Насколько я помню, в июле я видел Гитлера в Берлине только однажды. Он ехал напрямую из Хайлигендамма в Берхтесгаден и держался подальше от столицы, ожидая, пока не улягутся страсти. Однажды вечером он незаметно приехал в город, и мне удалось встретиться с ним на следующий день после обеда. «Ну, Ханфштангль, – сказал он с поддельным весельем, – весь шум в иностранной прессе, кажется, понемногу сходит на нет». «Может быть, и так, – ответил я, – но могу вам сказать, что все эти корреспонденты день и ночь донимают меня. Если вы не расскажете им правду и не представите должные обоснования того, что произошло, протесты будут продолжаться. Вы не должны забывать, что многие из них уже долго живут здесь. Они знали многих замешанных в деле людей и будут продолжать строить собственные догадки».

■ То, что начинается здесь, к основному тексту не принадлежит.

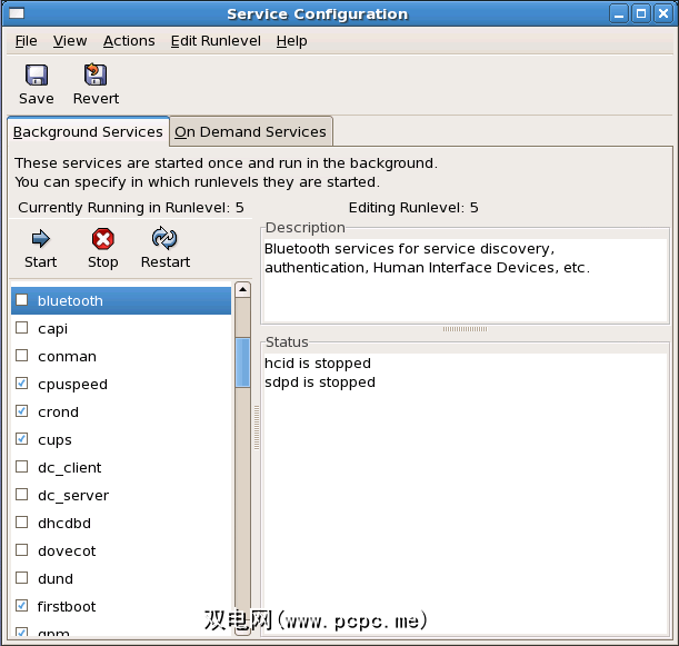 Red Hat开发了 Service Configuration Tool (服务配置工具),它是一个图形应用程序,默认情况下也出现在其派生产品中,例如CentOS和Fedora。它提供了与上面的 rcconf 相似的列表,并提供了可以检查和取消选中服务以将其设置为默认运行或不运行的类似列表。它还提供了允许您启动/停止/重新启动这些服务的按钮。

«Мне надо приказать всей этой своре собирать чемоданы, – взорвался Гитлер. – Им мало навозных куч, которые можно разрывать в их собственных странах, так они и в Германии только тем и занимаются, что делают из мухи слона. Они представляют для нас только опасность». Я не собирался позволить ему уйти от темы так просто и продолжил наступление: «А что в действительности было с международными связями Рема? Что за посол, с которым он имел какие-то дела?» Гитлер потерял терпение. «Die Akten über den Fall Roehm, mein lieber Hanfstaengl, sind längst geschlossen – Дело Рема, мой дорогой Ханфштангль, давно закрыто», – закричал он. Так что, за исключением сомнительных обвинений в том, что Рем и Штрассер участвовали в заговоре с Шляйхером и австрийским принцем Штарембергом, это было все, чего я добился от него.
До сих пор, спустя двадцать с лишним лет, остается столько предположений о предыстории и деталях той ремовской чистки, что, я думаю, небезынтересной окажется версия из первых рук, которую я услышал совсем недавно. Насколько я знаю, о тех событиях не сохранилось практически никаких документальных свидетельств, но я слышал от доктора Эмиля Кетерера, который в должности группенфюрера СА заведовал медицинским обслуживанием бригад и в то время был личным врачом Рема. Они стали близкими товарищами в дни путча Людендорфа, когда он был членом «Рейхскригсфлагге».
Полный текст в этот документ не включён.